━━━━━ DATA LISTING ━━━━━

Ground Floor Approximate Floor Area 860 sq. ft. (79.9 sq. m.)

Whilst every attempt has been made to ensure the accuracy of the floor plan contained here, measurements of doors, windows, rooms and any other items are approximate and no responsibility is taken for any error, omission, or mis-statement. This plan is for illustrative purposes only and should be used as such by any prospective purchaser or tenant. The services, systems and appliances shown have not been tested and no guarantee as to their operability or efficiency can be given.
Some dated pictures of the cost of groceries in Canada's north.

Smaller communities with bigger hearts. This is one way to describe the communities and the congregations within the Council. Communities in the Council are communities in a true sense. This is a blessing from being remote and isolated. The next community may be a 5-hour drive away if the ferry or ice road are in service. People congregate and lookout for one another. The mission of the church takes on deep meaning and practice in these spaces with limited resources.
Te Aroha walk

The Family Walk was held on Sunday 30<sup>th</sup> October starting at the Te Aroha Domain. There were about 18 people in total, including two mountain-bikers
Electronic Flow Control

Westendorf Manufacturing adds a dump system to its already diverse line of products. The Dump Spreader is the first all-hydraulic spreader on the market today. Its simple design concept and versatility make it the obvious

━━━━━
━━━━━ DATA LISTING ━━━━━

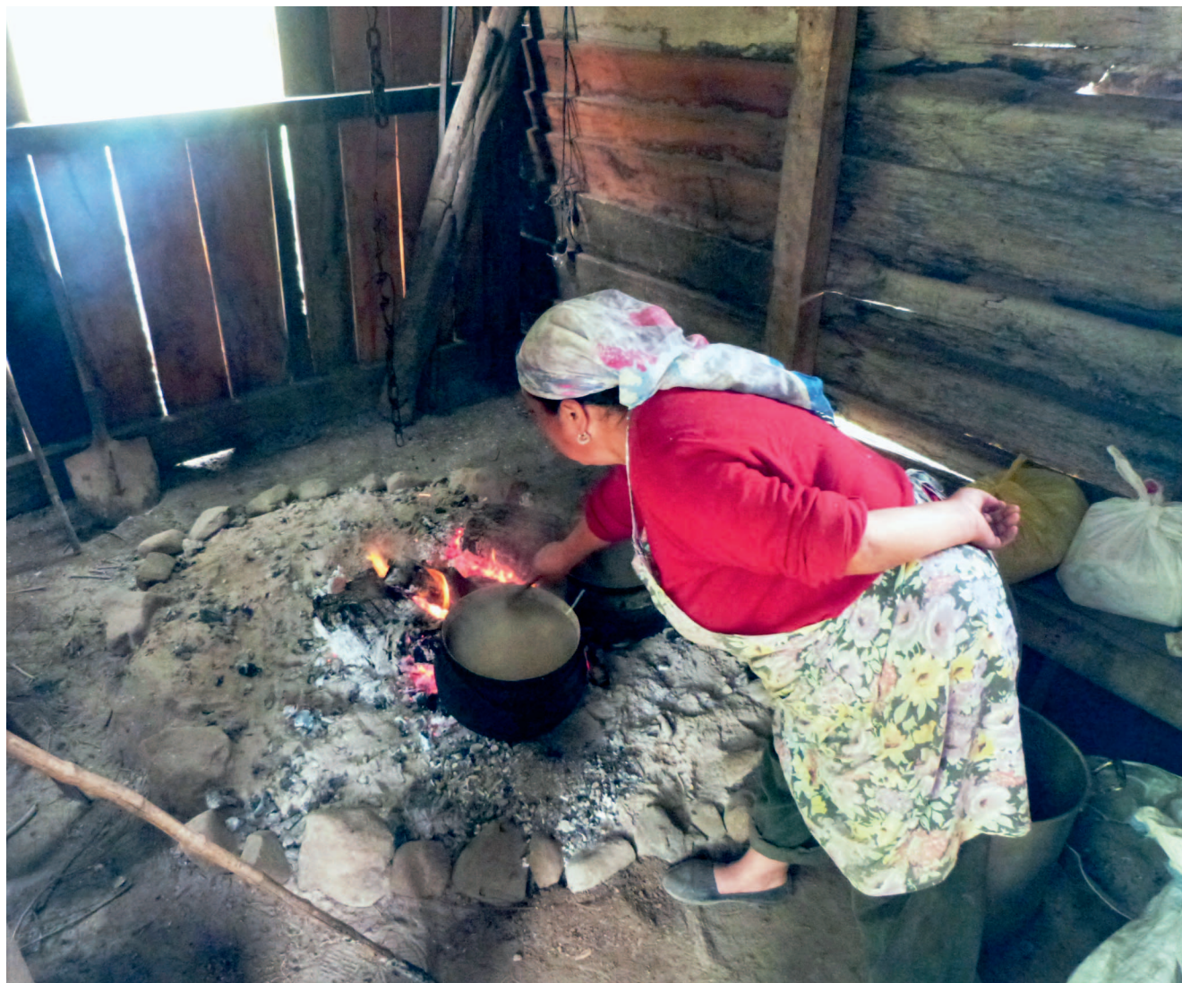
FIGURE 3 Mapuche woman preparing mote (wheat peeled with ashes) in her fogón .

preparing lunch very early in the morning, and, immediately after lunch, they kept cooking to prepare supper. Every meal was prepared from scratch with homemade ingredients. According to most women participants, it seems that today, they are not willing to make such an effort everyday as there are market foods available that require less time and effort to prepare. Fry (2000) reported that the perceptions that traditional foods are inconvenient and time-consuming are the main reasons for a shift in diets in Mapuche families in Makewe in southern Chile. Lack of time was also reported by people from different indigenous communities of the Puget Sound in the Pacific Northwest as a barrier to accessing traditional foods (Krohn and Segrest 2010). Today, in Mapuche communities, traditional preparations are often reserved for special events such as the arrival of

━━━━━

Reproduce the entries above exactly, but only the lines between the line holding "Electronic Flow Control" and the line holding "Westendorf Manufacturing adds", inclusive.

Electronic Flow Control

Westendorf Manufacturing adds a dump system to its already diverse line of products. The Dump Spreader is the first all-hydraulic spreader on the market today. Its simple design concept and versatility make it the obvious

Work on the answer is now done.